Input data Block Start

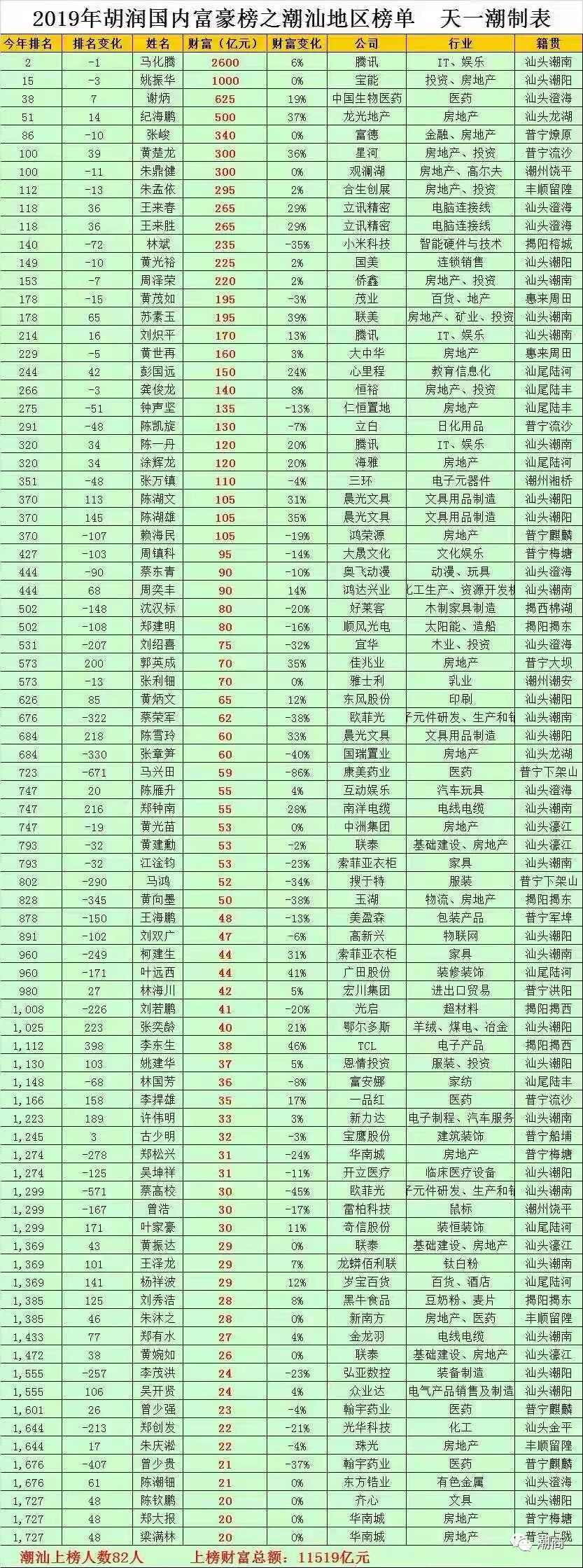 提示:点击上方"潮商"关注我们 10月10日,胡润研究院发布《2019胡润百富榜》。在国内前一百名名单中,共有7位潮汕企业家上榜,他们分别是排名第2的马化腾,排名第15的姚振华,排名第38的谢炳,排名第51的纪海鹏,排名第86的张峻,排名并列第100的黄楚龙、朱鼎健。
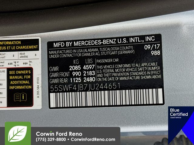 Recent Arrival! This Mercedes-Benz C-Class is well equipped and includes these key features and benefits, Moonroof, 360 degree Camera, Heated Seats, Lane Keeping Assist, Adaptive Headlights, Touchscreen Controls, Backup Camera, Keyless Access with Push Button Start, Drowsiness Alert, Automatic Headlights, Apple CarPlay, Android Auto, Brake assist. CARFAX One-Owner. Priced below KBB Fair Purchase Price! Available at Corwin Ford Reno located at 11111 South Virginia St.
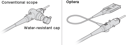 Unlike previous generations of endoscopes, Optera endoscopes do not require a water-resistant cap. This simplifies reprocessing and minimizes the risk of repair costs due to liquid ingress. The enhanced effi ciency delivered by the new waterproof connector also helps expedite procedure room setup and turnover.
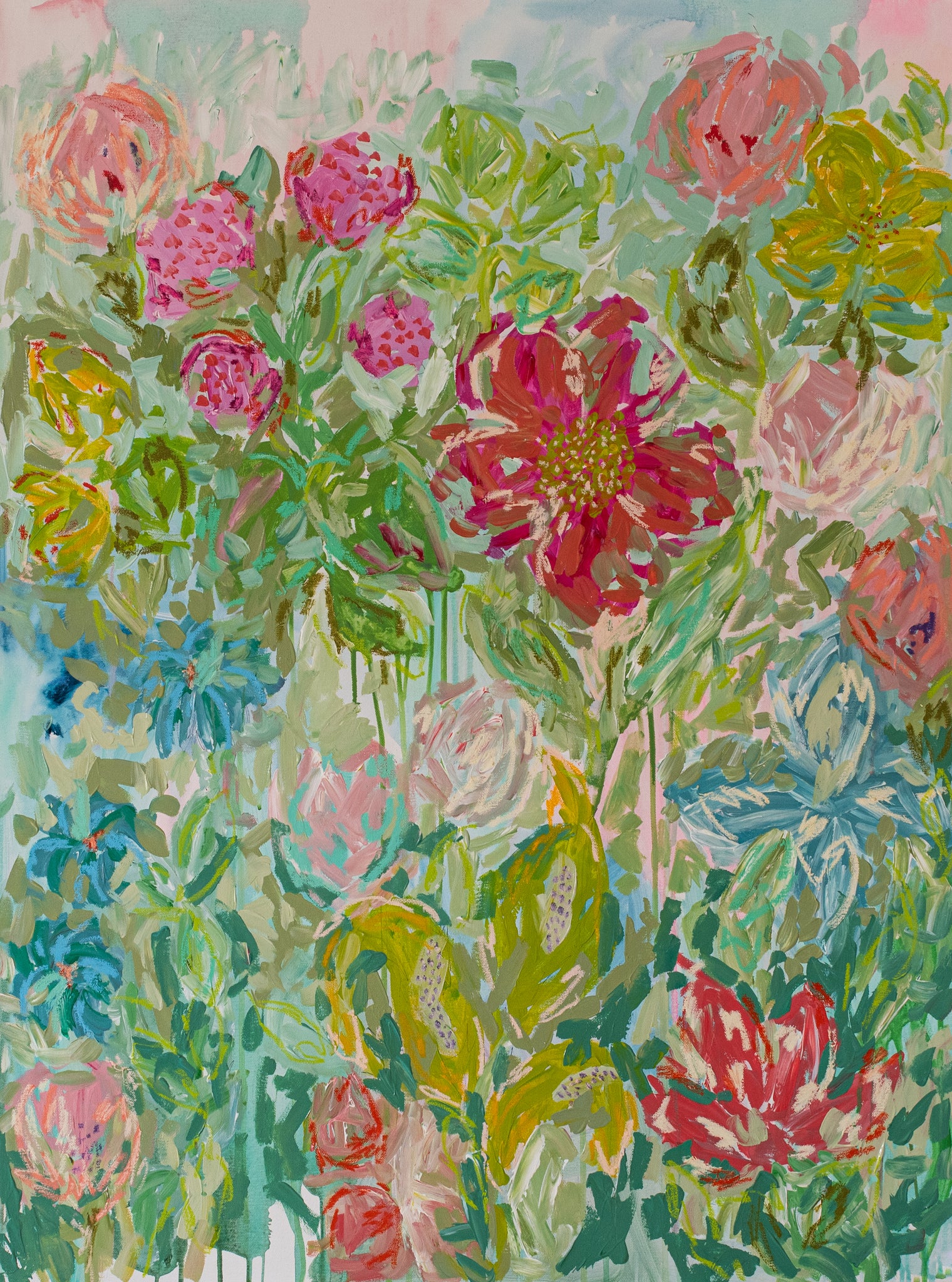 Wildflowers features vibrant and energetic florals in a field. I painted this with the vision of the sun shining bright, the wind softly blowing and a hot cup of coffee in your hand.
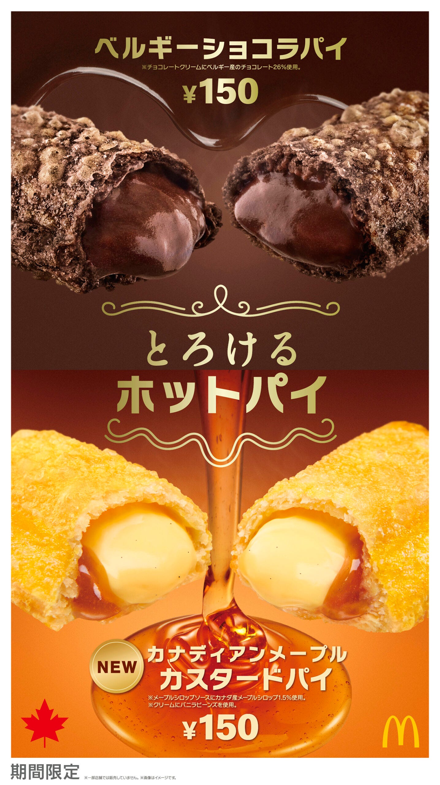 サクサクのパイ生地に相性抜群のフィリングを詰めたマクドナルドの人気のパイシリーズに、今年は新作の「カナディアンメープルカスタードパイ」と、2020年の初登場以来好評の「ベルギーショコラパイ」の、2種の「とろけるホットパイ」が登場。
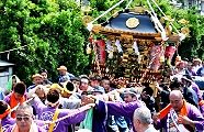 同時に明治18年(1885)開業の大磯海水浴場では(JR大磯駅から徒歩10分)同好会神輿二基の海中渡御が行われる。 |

Input data Block End
Input data Block Start

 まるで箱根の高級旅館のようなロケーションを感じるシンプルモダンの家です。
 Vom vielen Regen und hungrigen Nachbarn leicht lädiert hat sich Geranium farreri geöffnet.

Input data Block End

**Work to complete:** Quote the lines above exactly, starting with the one that has "サクサクのパイ生地に相性抜群" and ending with the one that has "同時に明治18年(1885)"; drop the pictures and include nothing else.

**Finished task:**
 サクサクのパイ生地に相性抜群のフィリングを詰めたマクドナルドの人気のパイシリーズに、今年は新作の「カナディアンメープルカスタードパイ」と、2020年の初登場以来好評の「ベルギーショコラパイ」の、2種の「とろけるホットパイ」が登場。
 同時に明治18年(1885)開業の大磯海水浴場では(JR大磯駅から徒歩10分)同好会神輿二基の海中渡御が行われる。 |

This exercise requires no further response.